Every day, the world creates 2.5 quintillion bytes of data. So much, in fact, that 90% of the data in the world today has been created in the last two years alone. This data comes from everywhere: sensors used to gather climate information, posts to social media sites, digital pictures and videos, purchase transaction records, and cell phone GPS signals to name a few. This data has come to be known as Big Data.
Big Data can be more distinctly defined as: “Data sets whose size is beyond the ability of commonly used software tools to capture, manage, and process the data within a tolerable elapsed time.” Big Data is comprised of 2 types of information. 10% of Big Data is classified as structured data. This is the data that is already stored in databases across multiple networks. Unstructured data is of the most concern and accounts for 90% of Big Data information. Unstructured information is “human information’ such as emails, videos, tweets, Facebook posts, call-center conversations, closed circuit TV footage, mobile phone calls/texts, and website clicks.
Big data is more than simply a matter of size; it is an opportunity to find insights in new and emerging types of data and content, to make your business more agile, and to answer questions that were previously considered beyond your reach.
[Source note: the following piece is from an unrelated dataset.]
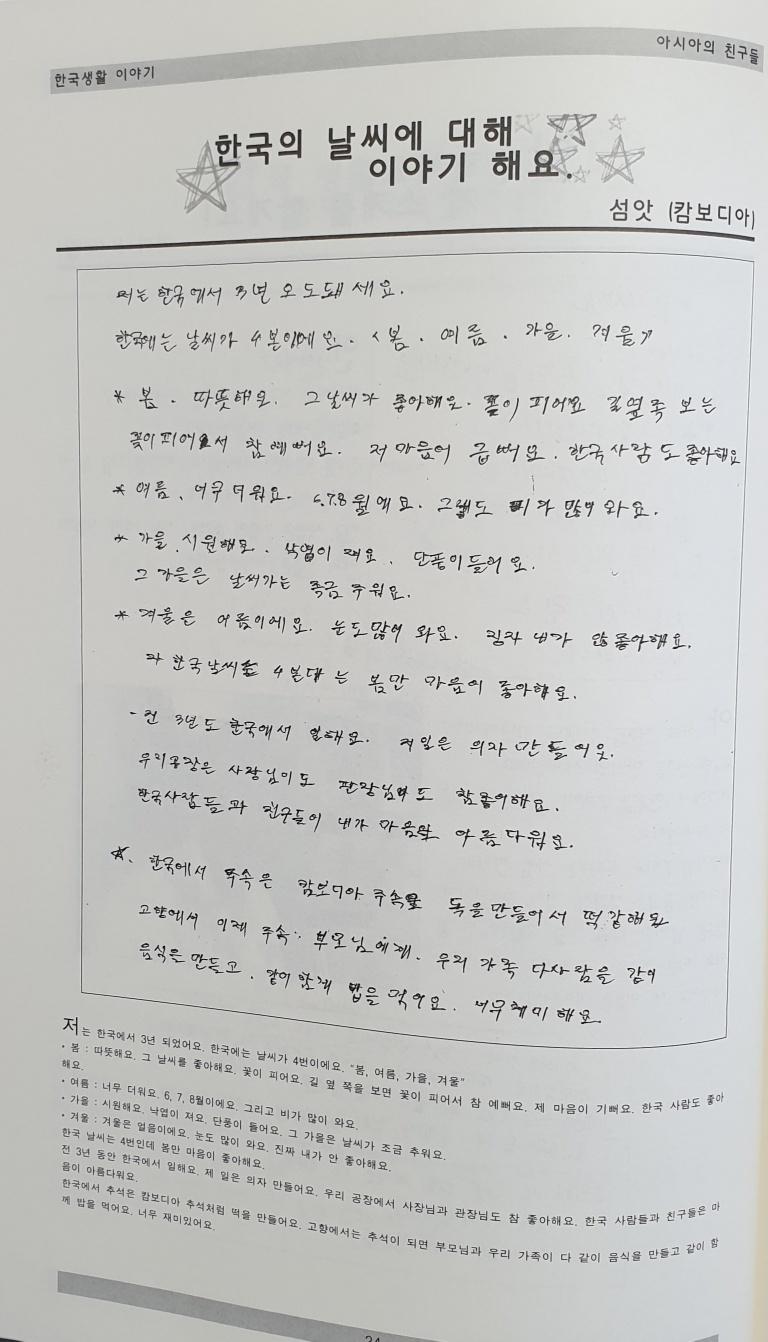한국의 사계절 소개와 추석의 캄보디아와의 공통점에 대한 글이다

When trying to capture and analyze unstructured information, the criteria are often categorized in to four sections called The Four Vs. The Four Vs are:
1. Volume – Defined as the total number of bytes associated with the data. Unstructured data are estimated to account for 70-85% of the data in existence and the overall volume of data is rising. Benefits of this category include:
- Turning 12 terabytes of Tweets created each day into improved product sentiment analysis
- Converting 350 billion annual meter readings to better predict power consumption
2. Velocity – Defined as the pace at which the data is to be consumed. As volumes rise, the value of individual data points tend to more rapidly diminish over time. Sometimes 2 minutes is too late. For time-sensitive processes such as catching fraud, big data must be used as it streams into your enterprise in order to maximize its value. For example:
Scrutinize 5 million trade events created each day to identify potential fraud
Analyze 500 million daily call detail records in real-time to predict customer churn faster
3. Variety – Defined as the complexity of the data in this class. This complexity eschews traditional means of analysis.
Big data is any type of data – structured and unstructured data such as text, sensor data, audio, video, click streams, log files and more. New insights are found when analyzing these data types together. With Variety you can:
- Monitor 100’s of live video feeds from surveillance cameras to target points of interest
- Exploit the 80% data growth in images, video and documents to improve customer satisfaction
4. Variability – Defined as the differing ways in which the data may be interpreted. Differing questions require differing interpretations.
1 in 3 business leaders don’t trust the information they use to make decisions. How can you act upon information if you don’t trust it? Establishing trust in big data presents a huge challenge as the variety and number of sources grows.
As the population of the internet grows, so does the amount of data people create. Big Data is quickly becoming a giant resource for those companies who are able to capture, analyze, and find ways to monetize the output. Big Data applications to take advantage of unstructured data are becoming more readily available. Before too long ordinary data warehousing will be a thing of the past, and Big Data will be king.